YOUR TASK
Write the listing out again word for word, leaving each picture behind.

DATA FOR PROCESSING Block Start

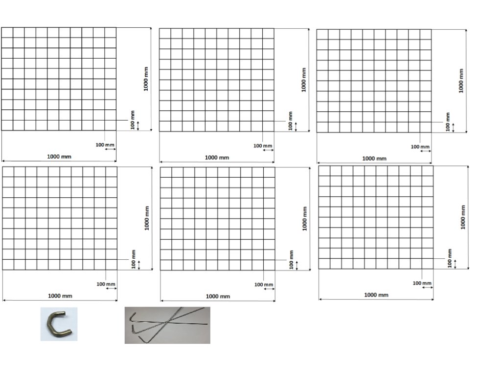 - 6 ks gabionových sítí o rozměru 1000 x 1000 mm s okem 100 x 100 mm a průměrem drátu 4 mm
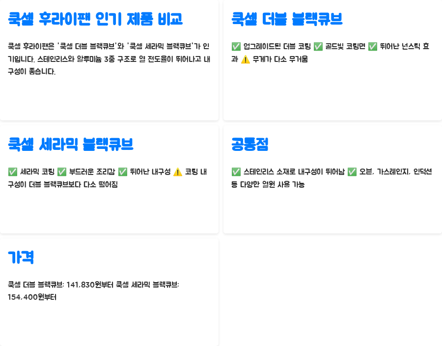 | 쿡셀 세라믹 블랙큐브 | 세라믹 코팅, 부드러운 조리감 | 154,400원부터 | 부드러운 조리감, 뛰어난 내구성 | 코팅 내구성이 더블 블랙큐브에 비해 다소 떨어짐 |
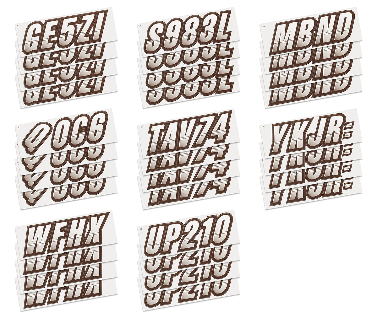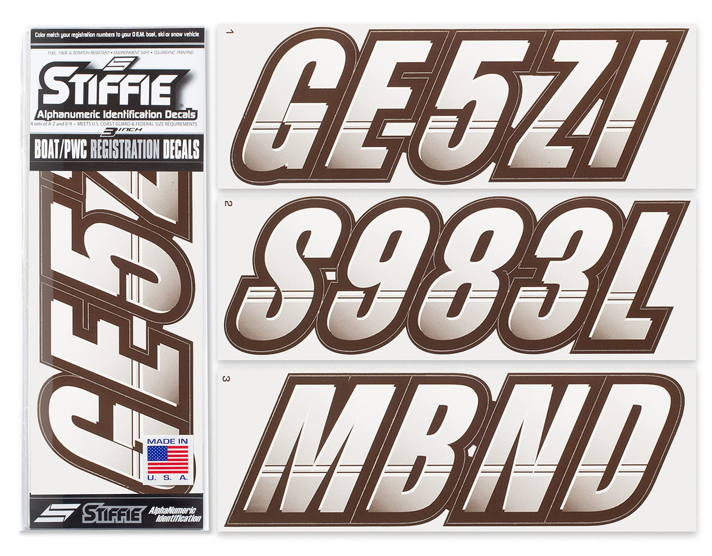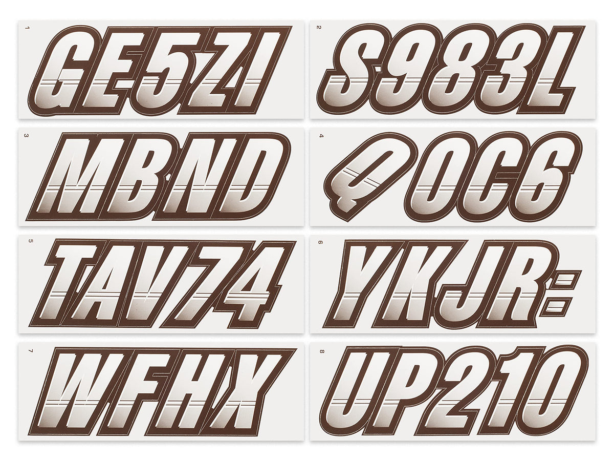 The STIFFIE Techtron Alpha Numeric Identification Kit has filled the void for a racing inspired boat registration decal. This styles two-color design features a forward-facing slant with an exterior color fade-in that graduates from the bottom upward. Its circle track, auto racing inspired form is the basis of the individual characters which are set off by an interior half toned highlight, providing a 3-dimensional look. In addition, the STIFFIE Techtron design contains two interior accent stripes that look like they were carved into the face of the interior character. This registration numbers design is topped off with a heavy, wide body exterior outline makes overlapping the individual characters very easy and enables you to create a unified, custom look like never before. Who said your marine registration stickers must be boring? If you are looking for an aggressive style this is the boat sticker kit for you. The STIFFIE Techtron speed-inspired style is available in 112 standard colors and 23 Super-Sticky colors for use with LSE (Low Surface Energy) plastic surfaces such as the Sea-Doo SPARK, Inflatable Boats, Ribs and Hypalon/PVC. STIFFIE boat numbers are 100% manufactured in the USA using our COLOR CLONE printing system. STIFFIE is the only registration decal manufacturer offering true color matching for your OEM Boat, Marine Vessel or Personal Watercraft. STIFFIE Alphanumeric ID kits are marine registration stickers for all water vessels, boats, personal watercraft. Our decals can also be used for DOT identifier number placement (Department of Transportation), snowmobile registration, or any application that requires the permanent identification or marking of name or number. Our decals are offered in styles and color ways that match your vessels original equipment manufacturer (OEM) color and design scheme. All Alphanumeric ID Kits offered by STIFFIE come with characters that are 3 '' in height and meet or exceed US Coast Guard Regulations. Every ID kit comes with 4 sets of 0-9 and A-Z decals (146 total decals). STIFFIE Alphanumeric registration decals are made to withstand contact with chemicals, fading, curling, tearing and scratching. STIFFIE decals are also UV Coated for protection from harmful ultra-violet (UV) rays. Application is easy; just peel away the decals from their backing and apply. If you are not sure which color or design will best match your vessel, please give us a call.
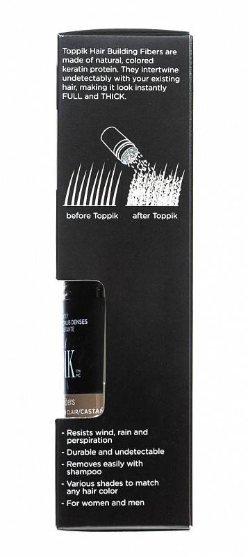 Загуститель для волос Toppik – это косметическая пудра для мужчин и женщин, которая помогает маскировать залысины и добавлять объем истонченным волосам. Пудра для объема волос легко наносится, не осыпается и практически незаметна на волосах. Средство подходит для любых типов волос – седых или проблемных, а также при окрашивании или в сочетании с другими косметическими средствами.
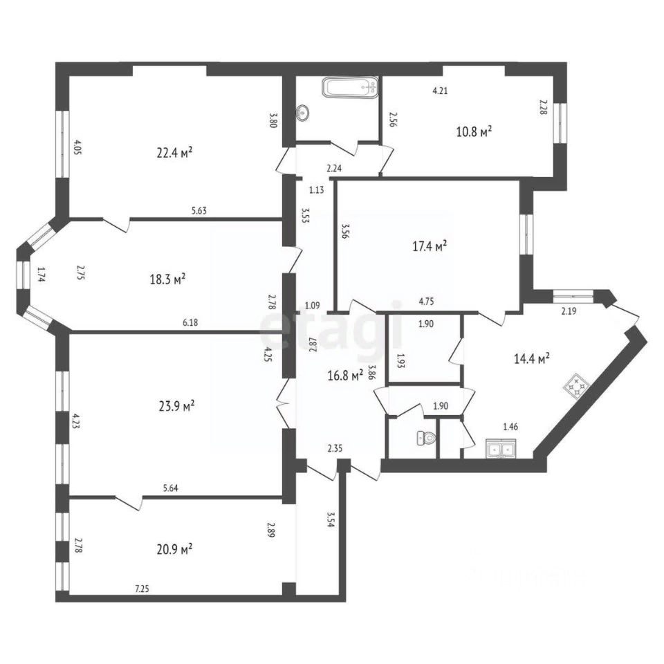 - квартира 6 комнатная, все комнаты изолированные, у собственника 1 комната,
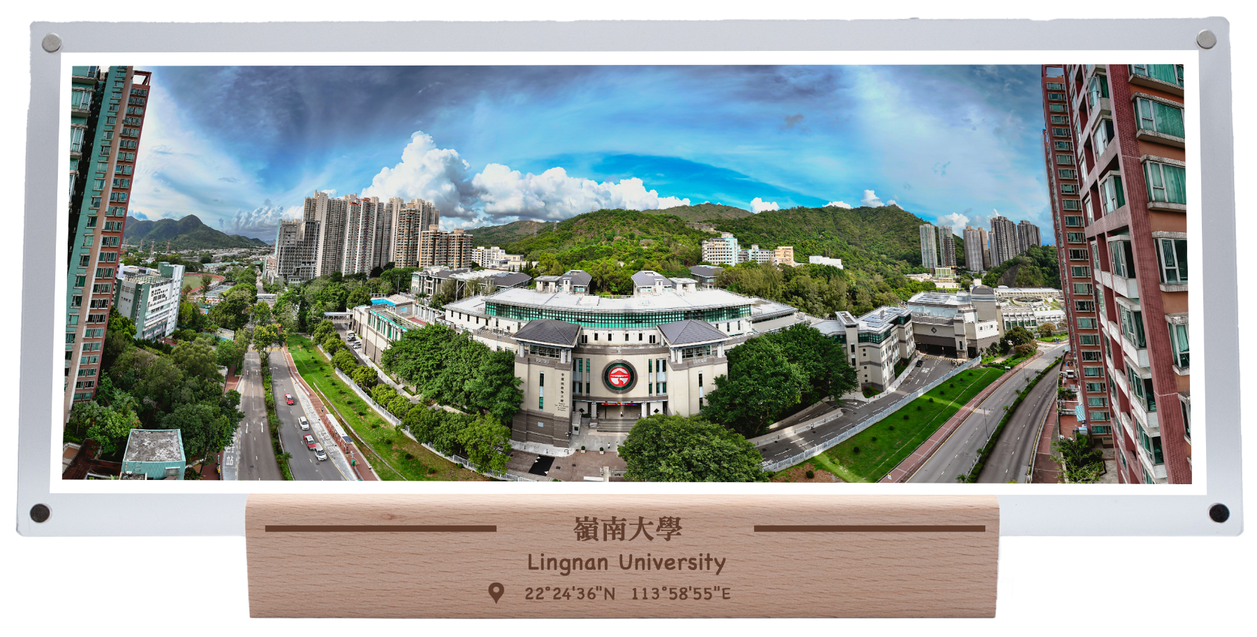 嶺南大學全景相架完美呈現獨特校園風貌 - 從高空俯瞰整個Lingnan University,現代化圓形主樓座落於青山綠水之間,周圍學生宿舍林立,背靠屯門青山,展現出小規模精英教育嘅溫馨學習環境!
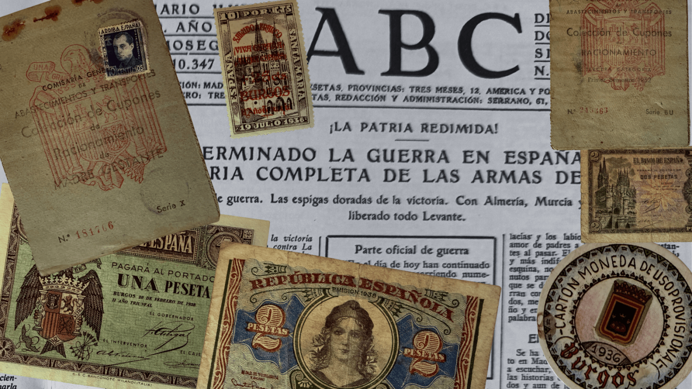 El dinero es un objeto cotidiano que se transforma radicalmente en tiempos de conflicto. Los billetes resellados, las emisiones paralelas de ambos bandos y la moneda de cartón muestran el colapso del orden económico y la coexistencia de múltiples poderes que reclaman legitimidad. Desde una perspectiva iconográfica, la comparación de símbolos, lemas y retratos en los distintos billetes permite analizar las culturas políticas enfrentadas. El alumnado puede observar cómo la propaganda y la identidad política se inscriben en un objeto tan aparentemente neutro como una pieza de papel o cartón.

DATA FOR PROCESSING Block End

RESULT FOR THIS TASK
 - 6 ks gabionových sítí o rozměru 1000 x 1000 mm s okem 100 x 100 mm a průměrem drátu 4 mm
 | 쿡셀 세라믹 블랙큐브 | 세라믹 코팅, 부드러운 조리감 | 154,400원부터 | 부드러운 조리감, 뛰어난 내구성 | 코팅 내구성이 더블 블랙큐브에 비해 다소 떨어짐 |
 The STIFFIE Techtron Alpha Numeric Identification Kit has filled the void for a racing inspired boat registration decal. This styles two-color design features a forward-facing slant with an exterior color fade-in that graduates from the bottom upward. Its circle track, auto racing inspired form is the basis of the individual characters which are set off by an interior half toned highlight, providing a 3-dimensional look. In addition, the STIFFIE Techtron design contains two interior accent stripes that look like they were carved into the face of the interior character. This registration numbers design is topped off with a heavy, wide body exterior outline makes overlapping the individual characters very easy and enables you to create a unified, custom look like never before. Who said your marine registration stickers must be boring? If you are looking for an aggressive style this is the boat sticker kit for you. The STIFFIE Techtron speed-inspired style is available in 112 standard colors and 23 Super-Sticky colors for use with LSE (Low Surface Energy) plastic surfaces such as the Sea-Doo SPARK, Inflatable Boats, Ribs and Hypalon/PVC. STIFFIE boat numbers are 100% manufactured in the USA using our COLOR CLONE printing system. STIFFIE is the only registration decal manufacturer offering true color matching for your OEM Boat, Marine Vessel or Personal Watercraft. STIFFIE Alphanumeric ID kits are marine registration stickers for all water vessels, boats, personal watercraft. Our decals can also be used for DOT identifier number placement (Department of Transportation), snowmobile registration, or any application that requires the permanent identification or marking of name or number. Our decals are offered in styles and color ways that match your vessels original equipment manufacturer (OEM) color and design scheme. All Alphanumeric ID Kits offered by STIFFIE come with characters that are 3 '' in height and meet or exceed US Coast Guard Regulations. Every ID kit comes with 4 sets of 0-9 and A-Z decals (146 total decals). STIFFIE Alphanumeric registration decals are made to withstand contact with chemicals, fading, curling, tearing and scratching. STIFFIE decals are also UV Coated for protection from harmful ultra-violet (UV) rays. Application is easy; just peel away the decals from their backing and apply. If you are not sure which color or design will best match your vessel, please give us a call.
 Загуститель для волос Toppik – это косметическая пудра для мужчин и женщин, которая помогает маскировать залысины и добавлять объем истонченным волосам. Пудра для объема волос легко наносится, не осыпается и практически незаметна на волосах. Средство подходит для любых типов волос – седых или проблемных, а также при окрашивании или в сочетании с другими косметическими средствами.
 - квартира 6 комнатная, все комнаты изолированные, у собственника 1 комната,
 嶺南大學全景相架完美呈現獨特校園風貌 - 從高空俯瞰整個Lingnan University,現代化圓形主樓座落於青山綠水之間,周圍學生宿舍林立,背靠屯門青山,展現出小規模精英教育嘅溫馨學習環境!
 El dinero es un objeto cotidiano que se transforma radicalmente en tiempos de conflicto. Los billetes resellados, las emisiones paralelas de ambos bandos y la moneda de cartón muestran el colapso del orden económico y la coexistencia de múltiples poderes que reclaman legitimidad. Desde una perspectiva iconográfica, la comparación de símbolos, lemas y retratos en los distintos billetes permite analizar las culturas políticas enfrentadas. El alumnado puede observar cómo la propaganda y la identidad política se inscriben en un objeto tan aparentemente neutro como una pieza de papel o cartón.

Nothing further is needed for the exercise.